It's 7 a.m., and I'm sitting next to a roaring fire, my boxer at my feet. She's wearing her dog sweater. I'm wearing my wool hat. The temperature outside is -13. The temperature inside is 50 and holding. So far.
Last night when we came home from curling (we lost, don't ask the score), I could tell before I took off my coat that it was cold inside. Sixty-three, the normal sleeping temperature, but it was early for that. Cold air was blowing through the heating vents. We reset the furnace, it fired, and we went to bed. I woke up thinking I'd gone camping. Forty-nine degrees, and this time the reset didn't work.
Thirty years ago, when I first came to Alaska, we cooked and heated with the same oil stove, fed by fuel from an elevated fifty-five gallon drum. No one told us that fuel oil gelled at -40. It got cold inside. Very cold. At least there were no pipes to freeze, because we had no running water.

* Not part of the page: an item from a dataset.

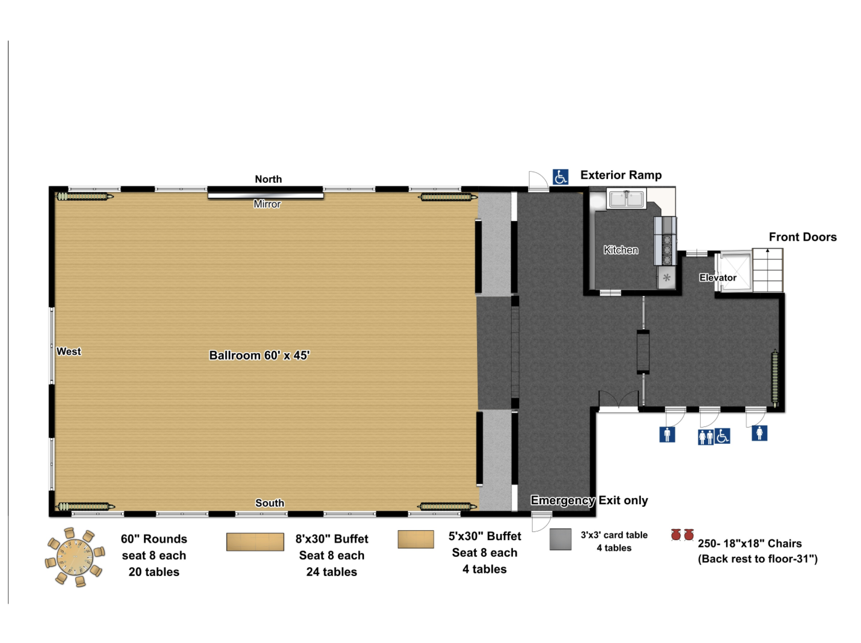 The Ballroom is 44.5 ft by 61 feet (2715 sq ft). Capacity in the Ballroom is 250 standing or chairs only. Seated capacity for dining is 160. The Ballroom includes a full kitchen.

Now I'm monitoring the fire and two space heaters, one in the downstairs bathroom and one pointed at the water pipes in the garage, while waiting for a callback from a furnace repair person. We're planning to replace the furnace in the spring, taking advantage of the AHFC rebate. But evidently the old one needs some TLC to limp through till then.
Take-away points:
--have your furnace or boiler cleaned, tuned, and serviced annually
--have a contingency plan if the heat goes out: woodstove or fireplace (keep chimneys clean), space heaters (monitor carefully), close off parts of the house that don't have water pipes
--consider heat tape for pipes in parts of the house prone to freezing
--take heating and freeze-up potential into consideration before purchasing. Look closely at property disclosures for evidence of past problems. Talk with a reputable engineer about freeze-up potential and prevention tips.